SI.com

Basics training

European invasion has prep stars focusing on fundamentals

Posted: Tuesday July 15, 2003 4:56 PM
  Mike Fish - Straight Shooting

NORTH AUGUSTA, S.C. -- A few years ago, a high school phenom like LaMarcus Aldridge, a 6-foot-11 center/forward from Dallas, might have wreaked havoc on the basketball camp scene, dunking over anybody who dared step in his path. Not this summer. Instead, Aldridge is working on his ball handling skills, adding range to his deft jumper, mirroring his game after -- get this, streetballers -- Dirk Nowitzki.

Aldridge and top players like burly 6-9 Al Jefferson, an Arkansas commit from Prentiss, Miss., are broadening their game here at the Nike Peach Jam, which brings together the country’s elite AAU travel teams. At a rival Adidas ABCD Camp last week in New Jersey, officials borrowed a page from the European book and drilled hotshot invitees on the basics for more than two hours every morning.

Basics? What in the name of Darryl Dawkins is happening? Well, after an embarrassing run on foreign talent in recent NBA drafts, the message that fundamentals honed by repetitive training count for something is finally hitting home.

It used to be that folks worried about a run on teenagers bypassing college for the NBA, following the path of Tracy McGrady and Kobe Bryant. But in the pro basketball drafts since 2000, more than four times as many foreigners have been selected as American high school players -- 49 to 11. And in a lot of cases we’re talking two groups that are about the same age.

“This is a sign that we have to work hard like they work hard overseas," says Aldridge, who has committed to Texas. “Overseas, they work on their weaknesses. Over here, all we do is work on our strengths. That’s changed me, because I am not one-dimensional anymore. I show you I can dribble and I can shoot. I’m not just big man who is under the goal.

“There’s no big man anymore. They can dribble. They can shoot. Dirk can play the two-position [big guard] and the three [small forward]. So I got to think like that, so I can improve my game."

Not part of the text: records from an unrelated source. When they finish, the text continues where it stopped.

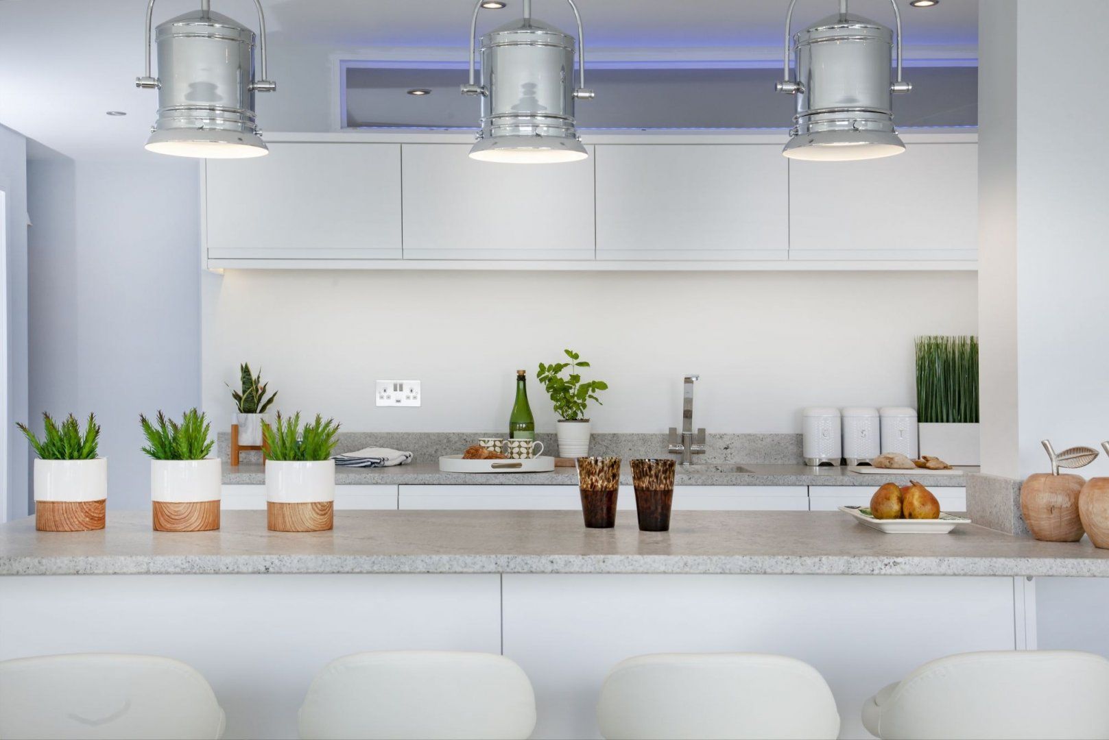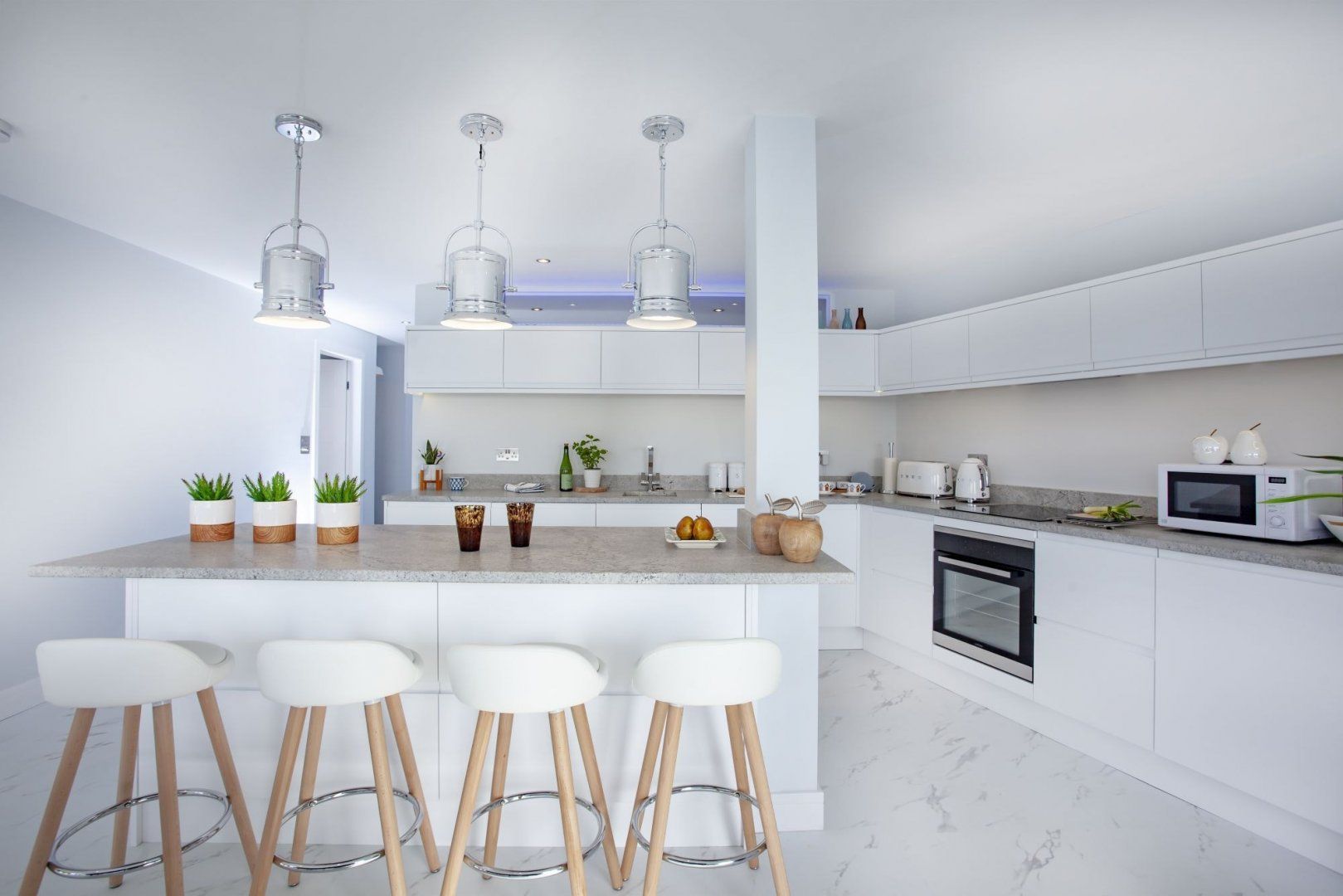 While there’s no shortage of excellent dining options in the area, you may also opt for rustling up something delicious in the well-equipped kitchen, in which case the stylish island and stools will provide the perfect setting for a romantic supper.
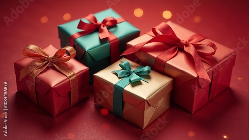 Festive holiday gifts wrapped in colorful paper with ribbons on a joyful red backdrop
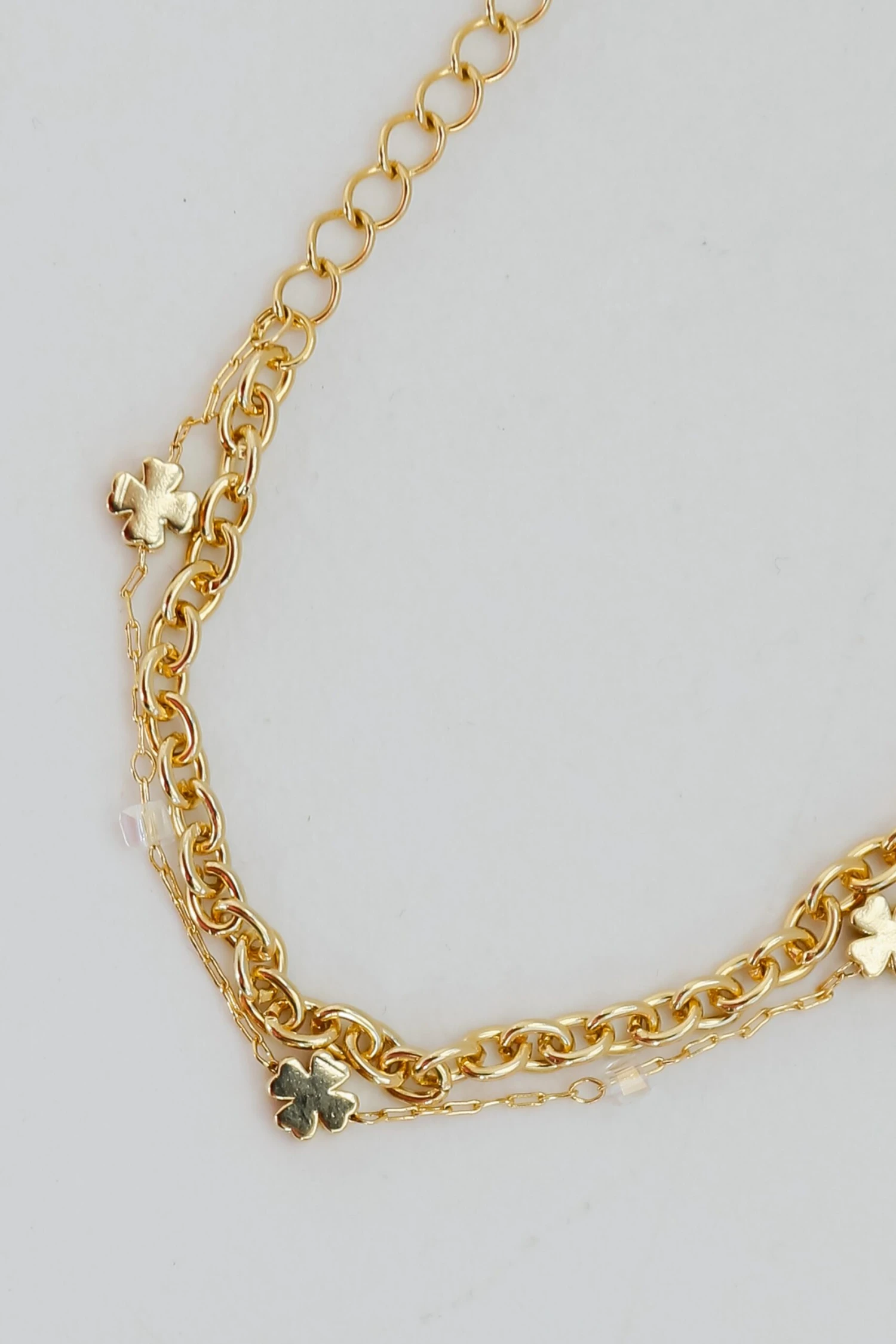 Put your OOTD over the top when you add a glittering finish like the Bridget Gold Four Leaf Clover Layered Chain Bracelet! This set of two bracelets is made of gold chains with clear beads + four leaf clover charms. Wear them on their own or stacked with other bracelets, either way you’ll love them!

Where a lot of this development comes is under the auspices of the shoe giants -- Nike and Adidas. The elite kids commit to one or the other’s camp and play for one of their sponsored summer travel teams.

In the hoops culture, a top player may be earmarked a Nike or Adidas kid by his early teens, certainly by his senior year of high school. It’s worth noting, however, that LeBron James and Carmelo Anthony came up through the Adidas ranks, only to recently sign multimillion-dollar deals with rival Nike.

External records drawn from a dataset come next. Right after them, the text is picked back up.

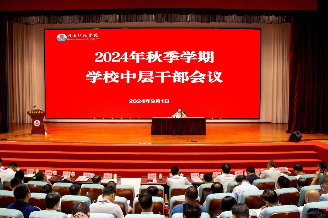 岭师新闻中心讯:9月1日,学校在音乐厅召开2024年秋季学期中层干部会议。党委书记兰艳泽主持会议并作总结讲话,党委副书记、校长阳爱民总结上半年工作、部署安排下半年工作任务。学校党委副书记林晓敏,副校长苏古发、金义富、吴涛,华南师范大学帮扶队队长卢勃出席会议。
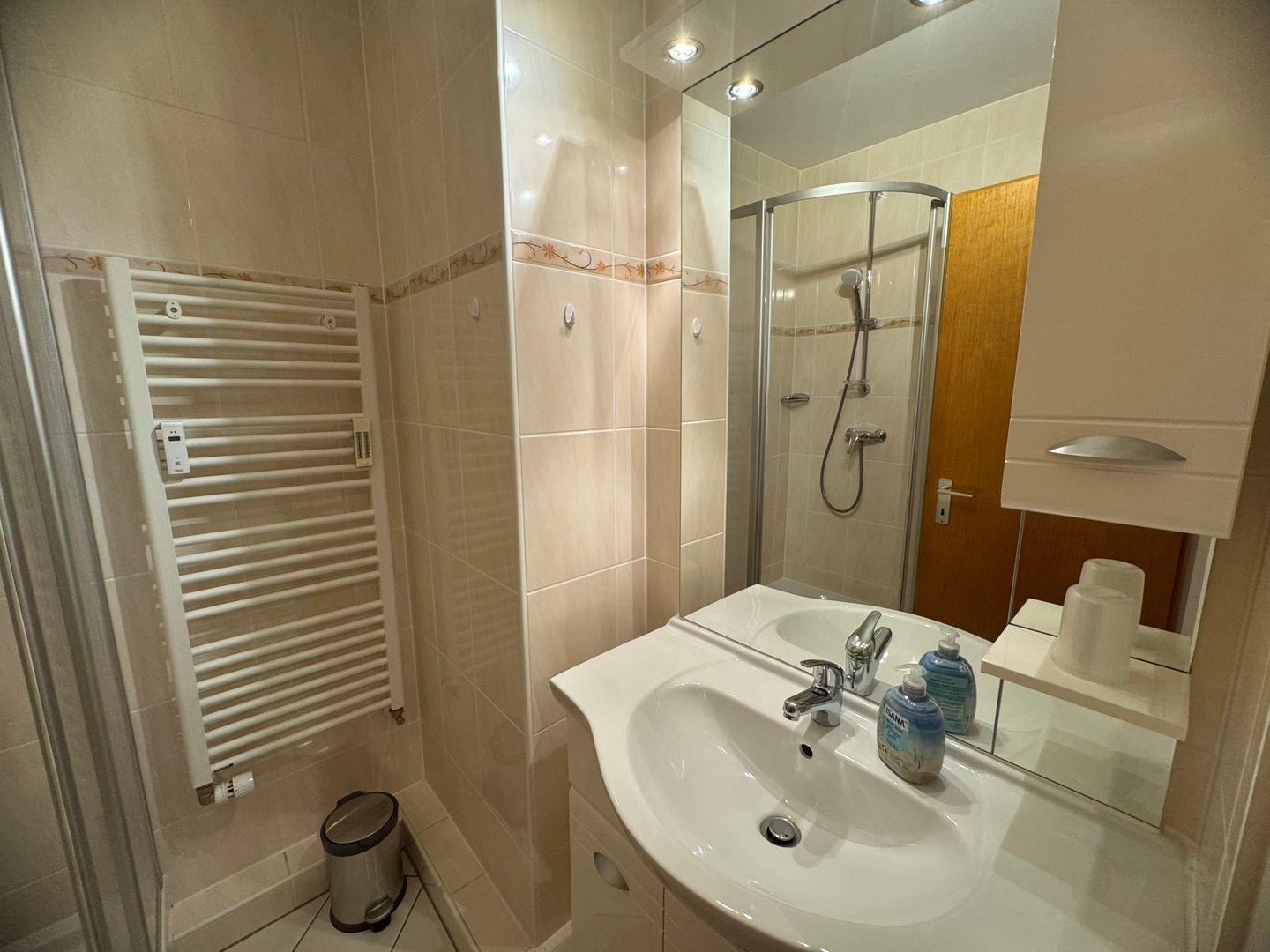 Das Badezimmer ist modern gestaltet und bietet eine Dusche und WC.
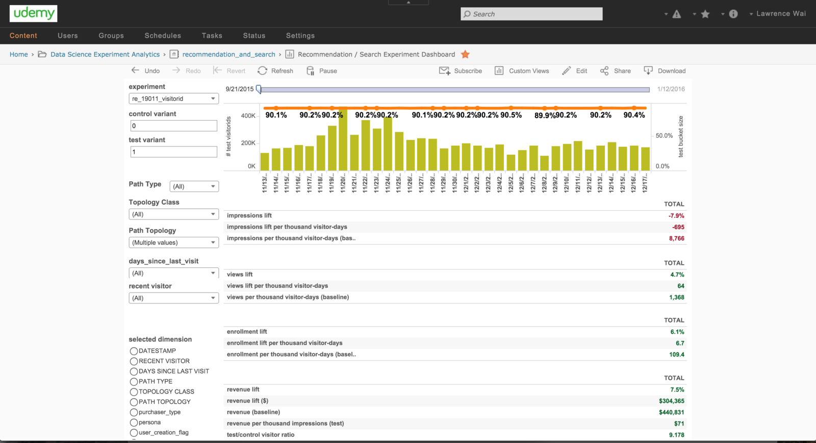 This table provides a way to analyze course performance across several metrics over a 90-day time period. A feature hypercube is created from this table, which is then used for the experiment hypercube.
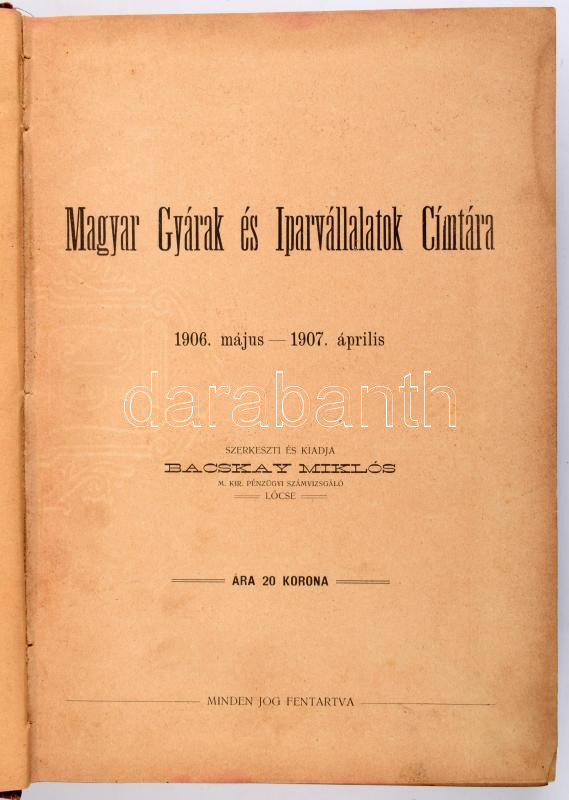 Bacskay Miklós: Magyar Gyárak és Iparvállalatok Címtára. 1906. május - 1907. április. Szerk. és kiadja: - - . Lőcse, 1906, Szepesvármegyei közigazgatási-ny. 685+(3) p. Félvászon-kötésben, viseltes, kopottas borítóval, a gerincen kisebb sérülésekkel, helyenként kisebb lapszéli sérülésekkel. (Ritka!)

Jefferson, who already projects as an NBA player someday, is so strongly committed to Nike that he turned down a chance to play this summer for USA Basketball’s junior national team. He could have been in Thessaloniki, Greece, playing in the under-20 world championships. Instead, Jefferson came here with the rest of the Jackson Tigers.

“I gave my word to Nike," said Jefferson, admitting it was a tough decision. “Once I give my word, I’m the type of person who tries to hold onto it."

Then again, the shoe company-sponsored events are the places to be during the summer, not floating around the Greek Islands. The players don’t build their resumes beating Bolivia in some far-off place. Here, they play two games a day in front of Tubby Smith, Roy Williams and most every name college coach in America. Reputations are enhanced. Scholarships are won.

And, in some cases, the foreign competition is brought to them.

At Adidas’ camp last week, nine foreign exchange students participated. Camp founder Sonny Vaccaro plans to invite at least 20 players from Europe and overseas next summer. Vaccaro instituted morning skill stations at this year’s camp and found 19 NBA assistants eager to run them.

“This is what the European kids do every day," says Vaccaro, the dean of summer camps. “They don’t just go scrimmage up and down the court, playing AAU ball. They train and workout. And they do drills and do them and do them.

“We used to say, ‘Well, European kids are programmed. They do everything by sequence.’ But it is not the worst thing in the world to know what you are doing out there."

As the foreign players keep coming, in greater numbers every draft it seems, the lessons are slowly being learned. But the message apparently bears repeating, especially, as in last month’s NBA draft, when 20 of the 58 players selected came from overseas.

“These kids in Europe are for real," Vaccaro says. “Just because you can’t pronounce their names don’t think they can’t play basketball. And I think what’s happening [in the draft] is a great motivating tool for these kids. They are ignorant. And then they make fun of these guys on draft night. But they don’t know how good they are."

Still, they seem to be learning.

Mike Fish is a senior writer for SI.com.